This Wagon Train villain was once wanted for a real ransom
Marshall Thompson got grazed by a sniper's bullet, risking his life filming a movie he dumped his lifetime savings into.
Marshall Thompson is an actor who is perhaps best known for getting light laughs as the veterinarian and single dad at the center of the 1965 family movie Clarence, the Cross-Eyed Lion.
After the film — which featured an actual lion, chimpanzee and python — proved popular, a TV show called Daktari gave Thompson a platform to continue his starring role.
But well before all that happened, you might not know that Thompson was on his path to work with animals in the real world.
As a young boy, Thompson was raised in Illinois by his concert singer mother and his dentist father.

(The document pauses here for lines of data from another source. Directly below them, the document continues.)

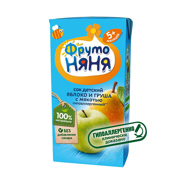 Сок яблочно-грушевый с мякотью «ФрутоНяня» станет чудесным дополнением для родителей, которые хотят разнообразить рацион малыша. В составе натуральные фркуты и ягоды, богатые витаминами, которые так важны ребенку в период активного роста. яркий и насыщенный вкус насытит ребенка и придаст ему сил для новых занимательных приключений. Объем 200мл.
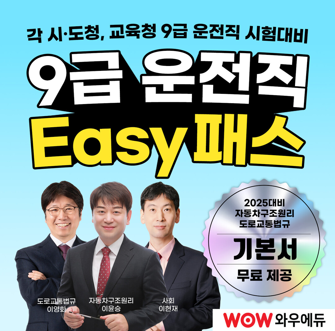 한편 와우에듀에서 2025년 9급 운전직 공무원 시험에 대비할 수 있는 ‘운전직 합격패스’를 선보였다. 2025년 운전직 공무원 시험에 합격할 수 있도록 도로교통법규 과목의 법률개정사항과 전국 출제경향을 모두 반영한 새로운 강의와 신규 교재를 선보이며, 자동차구조원리 또한 2025년 합격을 위한 새로운 강의를 제공한다.
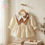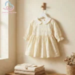 این پیراهن با طراحی ظریف و پارچه نخی سبک، مناسب فصلهای گرم سال بوده و راحتی کامل را برای کودک فراهم میکند.
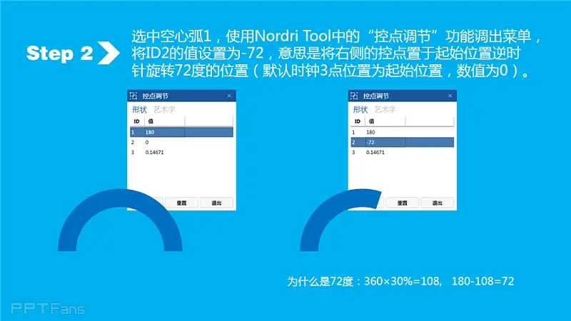 步骤2:选中空心弧1,使用Nordri Tool中的“控点调节”功能调出菜单,将ID2的值设置为-72,意思是将右侧的控点置于起始位置逆时针旋转72度的位置(默认时钟3点位置为起始位置,数值为0)。
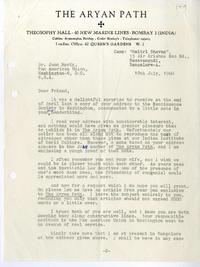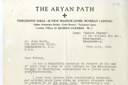 [Carta] 1960 julio 19, Bangalore, India [a] Juan Marín [manuscrito] Sophia Wadia.
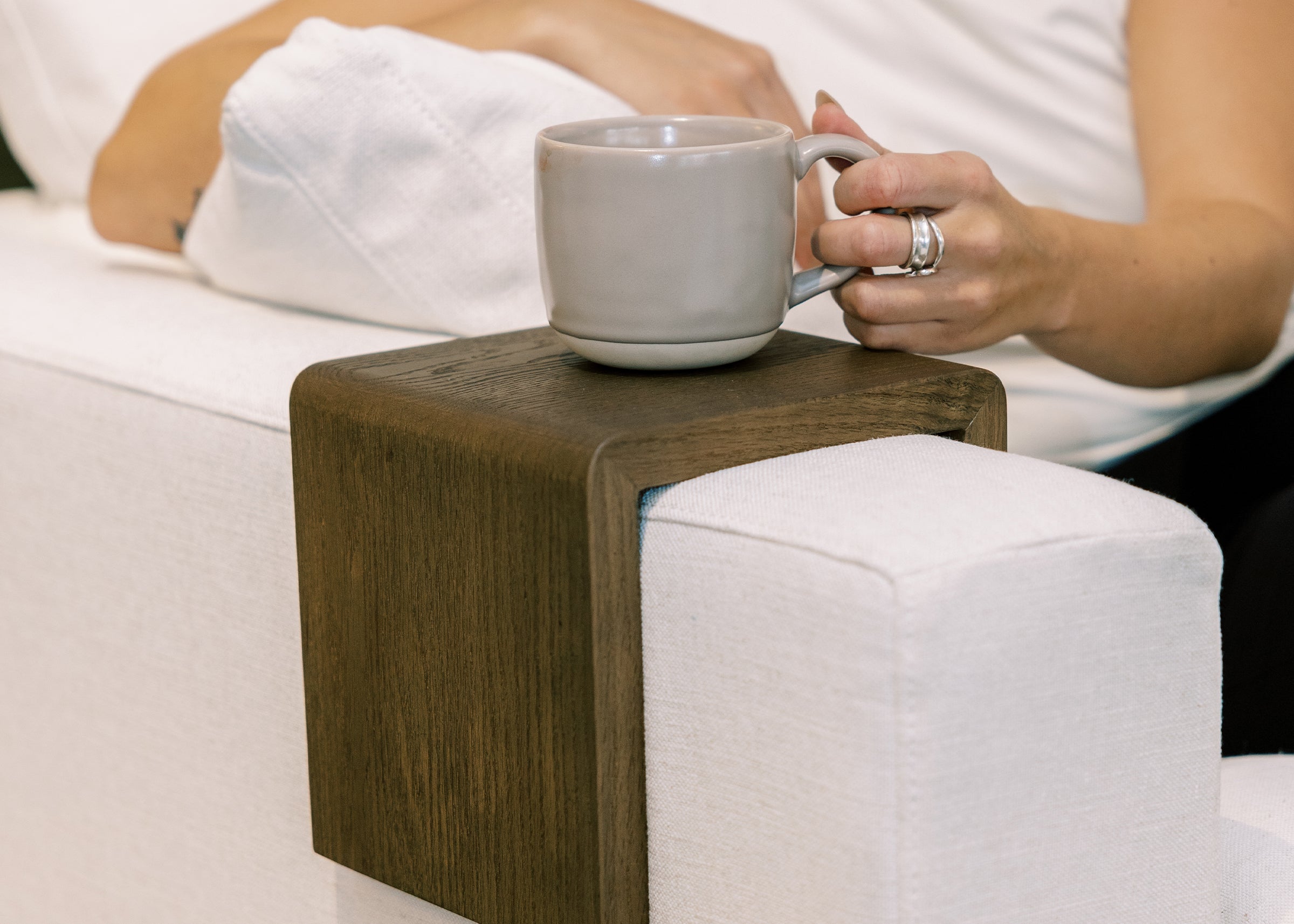 Turn any seat into the perfect place for your coffee, book, or remote. Our solid wood arm tray slides over your sofa arm to create a stable surface—no extra tables needed. Simple, functional, and made to match your space.

Later, the family moved out to California, where Thompson was not drawn by the spotlight, but to a cattle ranch.
On his way to become a rancher, Thompson was punching cattle for a couple years in Oregon before he took an acting class in high school and surprised himself by performing so well, they gave him an award.
That inspired the boy to pivot to studying acting in college, where right away he was quickly scouted and signed, first by Universal, then contracted by MGM.
He started appearing in movies in the mid-1940s, mostly depicted as the boy-next-door type, but with character roles getting bigger and more diverse as the 1940s closed.
It was right around then that he also found love, proposing to Barbara Long, a painter who was the sister of The Big Valley actor Richard Long.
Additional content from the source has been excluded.